Mes petites amoureuses

Jean Eustache, France, 1974, Tamasa Distribution

Commentaire

La séquence s’ouvre sur l’observation par Daniel, puis par son patron et l’ami de celui-ci, d’une femme d’origine espagnole qui passe souvent dans la rue avec sa poussette. C’est déjà un désir par substitution, qui semble être la clé du rapport du personnage de Daniel aux filles : les regarder de loin, sans vrai désir de les toucher, les désirer à distance par rapport à une image dans laquelle elles sont prises : l’écran du cinéma ou la fenêtre de la boutique et l’encadrement de la voûte de l’autre côté de la ruelle.

Ces passages de la belle Espagnole sont filmés de jour, et le seul plan où la caméra sort de la boutique pour la filmer depuis la rue, sur un banc, relève d’un fantasme imaginaire d’origine cinématographique, rendu sensible par une fermeture à l’iris qui ne doit rien au réalisme de ce qui va suivre.

Par la suite, dans cette séquence, s’enchaînent trois situations avec les deux mêmes personnages principaux et dans le même site : la boutique de cycle où travaille Daniel, d’où il voit une petite rue et le porche d’en face. Le seul point de vue est celui de Daniel.

1. Derrière la vitre de la boutique, il regarde deux soirs de suite la fille qui embrasse les garçons sous la voûte la nuit (baiser à distance et par procuration). Pour le moment il est un voyeur caché et pense ne pas avoir été vu.

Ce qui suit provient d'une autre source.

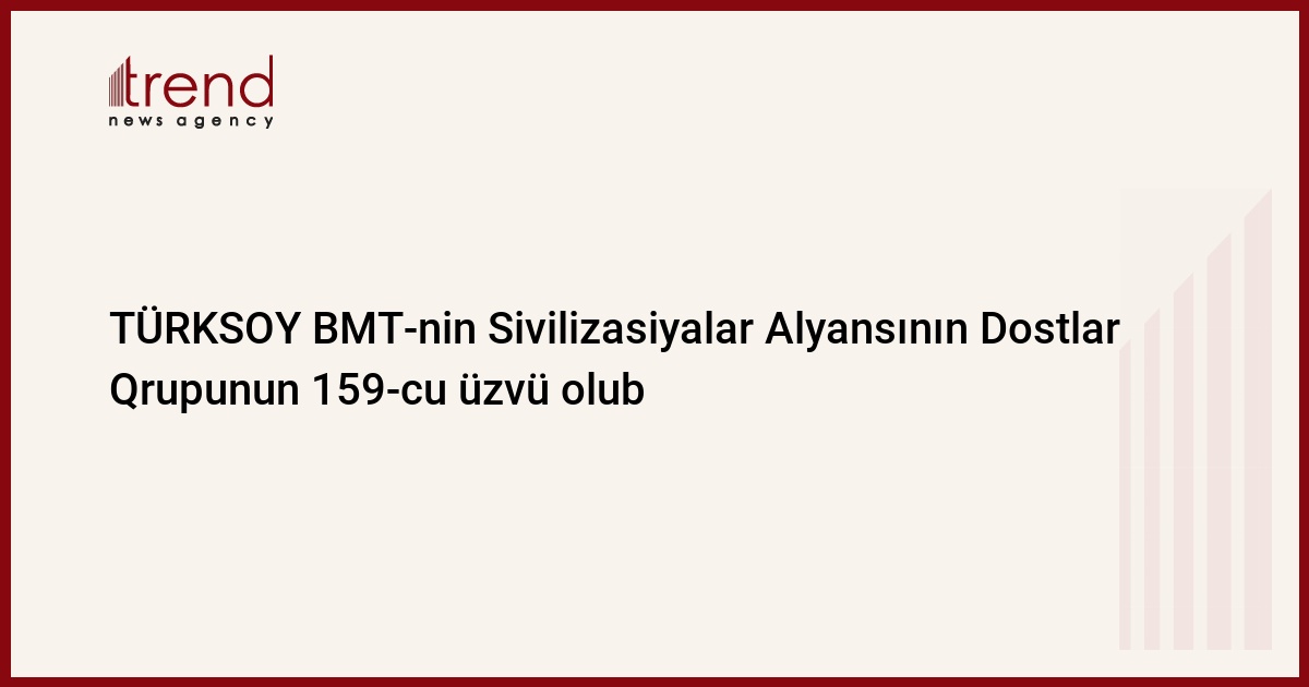 Beynəlxalq Türk Mədəniyyəti Təşkilatı (TÜRKSOY) Birləşmiş Millətlər Təşkilatının (BMT) Sivilizasiyalar Alyansının (UNAOC) Dostlar Qrupunun 159-cu üzvü oldu.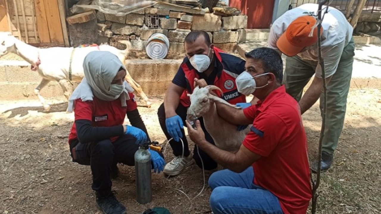 Keçilere, UMKE ekibinde görev yapan ve aynı zamanda veteriner sağlık teknikerleri olan Alparslan Ercan ile Turan Sevim tarafından müdahale edildi.

2. Le lendemain, la fille entre dans la boutique pour lui acheter un produit, et s’approche anormalement de lui au moment de payer en le regardant dans les yeux de façon insistante. Il esquive le rapprochement, et peut-être le baiser qu’elle espérait. Elle est entrée dans son espace de voyeur où il se croyait invisible et caché , et l’a provoqué. Ce qui va changer son statut dans la scène suivante.

3. Même situation que la première, mais renversée : c’est lui qu’elle regarde fixement en embrassant le garçon (baiser par substitution de sa part à elle).